父文档和子文档必须索引到一个分片上。这意味着当查询、获取、更新子文档时都必须使用同一个routing值。
一个元素可以有多个子元素，但只有一个父元素。
可以向现有的join字段添加新的关系。
可以向现有元素添加子元素，但条件是现有元素必须是父元素。

使用父子连接搜索

parent-join 在文档内创建了一个字段索引关系的名称(my_parent, my_child, …)。

它也为每个父子关系创建了一个字段。该字段的名称就是join字段的名称，后面跟随 #和关系中父级的名称。
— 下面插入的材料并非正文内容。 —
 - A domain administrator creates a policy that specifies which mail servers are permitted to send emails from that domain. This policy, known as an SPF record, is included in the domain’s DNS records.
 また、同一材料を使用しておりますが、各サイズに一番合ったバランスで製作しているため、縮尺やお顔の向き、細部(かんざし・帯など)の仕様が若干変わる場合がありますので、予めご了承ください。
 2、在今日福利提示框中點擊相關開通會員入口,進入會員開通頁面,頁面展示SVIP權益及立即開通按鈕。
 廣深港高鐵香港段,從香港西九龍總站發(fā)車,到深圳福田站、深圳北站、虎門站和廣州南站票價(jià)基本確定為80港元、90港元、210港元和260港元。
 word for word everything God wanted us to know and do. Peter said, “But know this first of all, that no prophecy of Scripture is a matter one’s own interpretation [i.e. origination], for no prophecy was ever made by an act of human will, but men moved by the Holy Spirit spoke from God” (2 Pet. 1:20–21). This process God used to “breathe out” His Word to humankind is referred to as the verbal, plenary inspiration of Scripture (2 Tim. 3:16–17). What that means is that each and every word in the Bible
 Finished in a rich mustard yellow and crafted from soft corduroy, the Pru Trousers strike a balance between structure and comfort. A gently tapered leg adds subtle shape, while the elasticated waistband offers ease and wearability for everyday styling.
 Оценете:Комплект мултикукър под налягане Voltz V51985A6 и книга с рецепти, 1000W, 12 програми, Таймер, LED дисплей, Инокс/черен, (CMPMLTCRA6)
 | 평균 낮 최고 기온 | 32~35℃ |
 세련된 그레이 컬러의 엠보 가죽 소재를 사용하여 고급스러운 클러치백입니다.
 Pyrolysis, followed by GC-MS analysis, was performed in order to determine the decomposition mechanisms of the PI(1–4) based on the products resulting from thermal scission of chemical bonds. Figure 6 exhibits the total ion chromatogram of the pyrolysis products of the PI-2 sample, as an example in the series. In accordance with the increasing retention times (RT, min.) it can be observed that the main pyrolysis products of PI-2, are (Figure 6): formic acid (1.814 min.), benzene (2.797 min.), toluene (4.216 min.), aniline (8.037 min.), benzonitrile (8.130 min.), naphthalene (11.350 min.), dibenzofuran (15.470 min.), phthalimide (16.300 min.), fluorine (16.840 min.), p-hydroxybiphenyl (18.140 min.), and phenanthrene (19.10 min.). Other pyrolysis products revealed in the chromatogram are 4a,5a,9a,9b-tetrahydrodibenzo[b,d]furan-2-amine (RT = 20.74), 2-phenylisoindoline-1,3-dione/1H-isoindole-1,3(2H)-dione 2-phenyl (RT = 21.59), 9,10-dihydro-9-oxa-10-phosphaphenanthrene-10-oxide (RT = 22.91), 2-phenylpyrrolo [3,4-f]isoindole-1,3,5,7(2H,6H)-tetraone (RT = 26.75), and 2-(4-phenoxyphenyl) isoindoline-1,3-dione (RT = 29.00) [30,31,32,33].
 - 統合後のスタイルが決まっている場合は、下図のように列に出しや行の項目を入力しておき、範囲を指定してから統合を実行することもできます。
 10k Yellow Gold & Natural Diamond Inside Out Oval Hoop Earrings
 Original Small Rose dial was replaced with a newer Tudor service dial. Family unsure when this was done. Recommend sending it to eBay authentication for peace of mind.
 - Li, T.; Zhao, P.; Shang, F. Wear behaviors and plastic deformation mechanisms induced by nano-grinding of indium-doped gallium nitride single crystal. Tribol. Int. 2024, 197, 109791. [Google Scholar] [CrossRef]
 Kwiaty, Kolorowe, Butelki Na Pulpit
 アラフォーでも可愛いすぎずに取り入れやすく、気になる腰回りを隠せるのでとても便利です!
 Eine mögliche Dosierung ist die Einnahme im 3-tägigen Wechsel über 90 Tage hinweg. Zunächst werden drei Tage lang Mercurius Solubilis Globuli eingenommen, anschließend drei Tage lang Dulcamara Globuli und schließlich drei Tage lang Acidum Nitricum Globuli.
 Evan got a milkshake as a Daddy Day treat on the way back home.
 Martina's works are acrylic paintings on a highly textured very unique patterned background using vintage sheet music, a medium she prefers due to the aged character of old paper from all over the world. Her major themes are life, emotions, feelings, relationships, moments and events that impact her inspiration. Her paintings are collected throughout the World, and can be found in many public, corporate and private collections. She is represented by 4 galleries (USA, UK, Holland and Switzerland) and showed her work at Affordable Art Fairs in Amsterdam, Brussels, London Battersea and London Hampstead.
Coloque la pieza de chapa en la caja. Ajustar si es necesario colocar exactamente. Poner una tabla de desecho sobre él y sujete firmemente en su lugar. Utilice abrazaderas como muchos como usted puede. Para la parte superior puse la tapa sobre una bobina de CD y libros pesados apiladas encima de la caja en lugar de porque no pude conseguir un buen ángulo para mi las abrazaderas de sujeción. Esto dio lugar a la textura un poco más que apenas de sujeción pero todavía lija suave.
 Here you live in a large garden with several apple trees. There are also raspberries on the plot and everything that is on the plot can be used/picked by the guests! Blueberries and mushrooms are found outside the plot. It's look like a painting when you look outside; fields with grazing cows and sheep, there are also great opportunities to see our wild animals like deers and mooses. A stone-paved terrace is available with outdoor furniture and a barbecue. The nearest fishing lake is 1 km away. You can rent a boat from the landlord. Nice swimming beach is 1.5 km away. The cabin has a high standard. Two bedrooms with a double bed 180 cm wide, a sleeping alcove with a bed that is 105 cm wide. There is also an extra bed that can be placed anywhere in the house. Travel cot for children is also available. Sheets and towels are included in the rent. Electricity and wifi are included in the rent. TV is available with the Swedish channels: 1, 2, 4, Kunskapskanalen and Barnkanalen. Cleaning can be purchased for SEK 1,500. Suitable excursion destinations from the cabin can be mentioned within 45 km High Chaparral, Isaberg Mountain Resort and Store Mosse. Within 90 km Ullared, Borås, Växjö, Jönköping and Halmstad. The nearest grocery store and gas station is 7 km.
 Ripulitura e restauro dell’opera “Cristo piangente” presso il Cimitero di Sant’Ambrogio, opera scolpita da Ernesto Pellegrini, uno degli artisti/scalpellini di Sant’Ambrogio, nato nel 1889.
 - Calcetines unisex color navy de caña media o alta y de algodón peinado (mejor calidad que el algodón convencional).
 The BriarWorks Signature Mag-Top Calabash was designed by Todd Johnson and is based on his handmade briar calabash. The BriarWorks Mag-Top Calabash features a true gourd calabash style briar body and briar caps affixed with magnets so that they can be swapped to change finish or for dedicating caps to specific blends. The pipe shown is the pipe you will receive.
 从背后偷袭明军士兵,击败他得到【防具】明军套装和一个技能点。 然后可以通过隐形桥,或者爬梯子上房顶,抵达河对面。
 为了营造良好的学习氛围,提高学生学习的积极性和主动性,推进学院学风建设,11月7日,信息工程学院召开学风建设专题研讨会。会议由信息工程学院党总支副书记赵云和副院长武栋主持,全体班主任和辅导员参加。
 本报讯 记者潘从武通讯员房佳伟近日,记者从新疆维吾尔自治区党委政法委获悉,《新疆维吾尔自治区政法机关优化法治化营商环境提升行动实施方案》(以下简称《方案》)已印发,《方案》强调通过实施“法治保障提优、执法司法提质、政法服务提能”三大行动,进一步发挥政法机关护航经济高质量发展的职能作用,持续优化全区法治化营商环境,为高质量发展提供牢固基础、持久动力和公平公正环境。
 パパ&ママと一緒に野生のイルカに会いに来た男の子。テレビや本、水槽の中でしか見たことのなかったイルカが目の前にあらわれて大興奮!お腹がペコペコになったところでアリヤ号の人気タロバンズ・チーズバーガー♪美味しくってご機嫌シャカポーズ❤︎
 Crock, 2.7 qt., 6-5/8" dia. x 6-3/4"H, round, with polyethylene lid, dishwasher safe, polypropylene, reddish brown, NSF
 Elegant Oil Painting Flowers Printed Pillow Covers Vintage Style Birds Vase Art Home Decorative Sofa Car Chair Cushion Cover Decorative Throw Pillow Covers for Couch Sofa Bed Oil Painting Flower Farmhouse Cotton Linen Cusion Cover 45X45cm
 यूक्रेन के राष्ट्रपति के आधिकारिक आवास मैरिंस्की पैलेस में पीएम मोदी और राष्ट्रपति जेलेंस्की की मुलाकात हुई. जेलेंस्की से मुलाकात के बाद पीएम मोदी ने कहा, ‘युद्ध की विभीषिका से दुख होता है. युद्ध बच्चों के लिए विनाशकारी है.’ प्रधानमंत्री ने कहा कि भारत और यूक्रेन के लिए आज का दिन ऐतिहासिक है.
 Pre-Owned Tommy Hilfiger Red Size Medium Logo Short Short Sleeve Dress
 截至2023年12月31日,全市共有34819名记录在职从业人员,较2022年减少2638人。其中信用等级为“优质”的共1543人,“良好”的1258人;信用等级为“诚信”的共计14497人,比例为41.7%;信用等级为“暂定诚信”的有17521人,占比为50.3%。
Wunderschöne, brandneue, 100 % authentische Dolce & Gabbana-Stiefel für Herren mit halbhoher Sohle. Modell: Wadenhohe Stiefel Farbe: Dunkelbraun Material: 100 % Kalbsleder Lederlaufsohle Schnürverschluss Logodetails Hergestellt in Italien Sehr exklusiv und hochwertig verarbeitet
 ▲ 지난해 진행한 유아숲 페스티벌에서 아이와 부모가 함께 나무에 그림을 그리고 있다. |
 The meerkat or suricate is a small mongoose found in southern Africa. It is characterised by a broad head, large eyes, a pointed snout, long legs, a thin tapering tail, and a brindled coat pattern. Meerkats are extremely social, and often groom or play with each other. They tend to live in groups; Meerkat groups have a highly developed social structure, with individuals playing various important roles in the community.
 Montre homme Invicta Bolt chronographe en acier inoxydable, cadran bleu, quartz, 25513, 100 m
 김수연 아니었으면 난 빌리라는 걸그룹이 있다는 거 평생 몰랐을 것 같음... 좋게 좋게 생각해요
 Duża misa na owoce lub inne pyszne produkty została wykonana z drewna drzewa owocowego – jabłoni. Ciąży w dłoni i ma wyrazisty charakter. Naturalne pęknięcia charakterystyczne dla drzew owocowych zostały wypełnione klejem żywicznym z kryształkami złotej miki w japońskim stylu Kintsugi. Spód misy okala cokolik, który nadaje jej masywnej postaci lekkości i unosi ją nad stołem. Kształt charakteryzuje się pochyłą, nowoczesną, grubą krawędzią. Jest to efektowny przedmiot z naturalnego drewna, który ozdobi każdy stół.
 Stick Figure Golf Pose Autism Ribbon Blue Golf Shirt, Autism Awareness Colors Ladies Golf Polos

因此，例如my_parent =>[my_child, aother_child]关系，join字段创建了一种额外的字段称为my_join_field#my_parent。

如果该文档是子级(my_child or another_child)，那么这个字段包含了父级_id，如果该文档是父级（my_parent），则包含其_id。

当查询包含join字段的索引，这两个字段总会在查询响应中返回：

GET my_index/_search
{
  "query": {
    "match_all": {}
  },
  "sort": ["_id"]
}

响应：

{
    ...,
    "hits": {
        "total": 4,
        "max_score": null,
        "hits": [
            {
                "_index": "my_index",
                "_type": "_doc",
                "_id": "1",
                "_score": null,
                "_source": {
                    "text": "This is a question",
                    "my_join_field": "question" (1)
                },
                "sort": [
                    "1"
                ]
            },
            {
                "_index": "my_index",
                "_type": "_doc",
                "_id": "2",
                "_score": null,
                "_source": {
                    "text": "This is another question",
                    "my_join_field": "question" 
                },
                "sort": [
                    "2"
                ]
            },
            {
                "_index": "my_index",
                "_type": "_doc",
                "_id": "3",
                "_score": null,
                "_routing": "1",
                "_source": {
                    "text": "This is an answer",
                    "my_join_field": {
                        "name": "answer", (2)
                        "parent": "1"  (3)
                    }
                },
                "sort": [
                    "3"
                ]
            },
            {
                "_index": "my_index",
                "_type": "_doc",
                "_id": "4",
                "_score": null,
                "_routing": "1",
                "_source": {
                    "text": "This is another answer",
                    "my_join_field": {
                        "name": "answer",
                        "parent": "1"
                    }
                },
                "sort": [
                    "4"
                ]
            }
        ]
    }
}

该文档属于quesion联接；
该文档属于answer联接；
该子文档联接的父文档 ID；

Parent-join 查询和聚合

查看 has_child and has_parent 查询，the children 聚合， inner hits 等。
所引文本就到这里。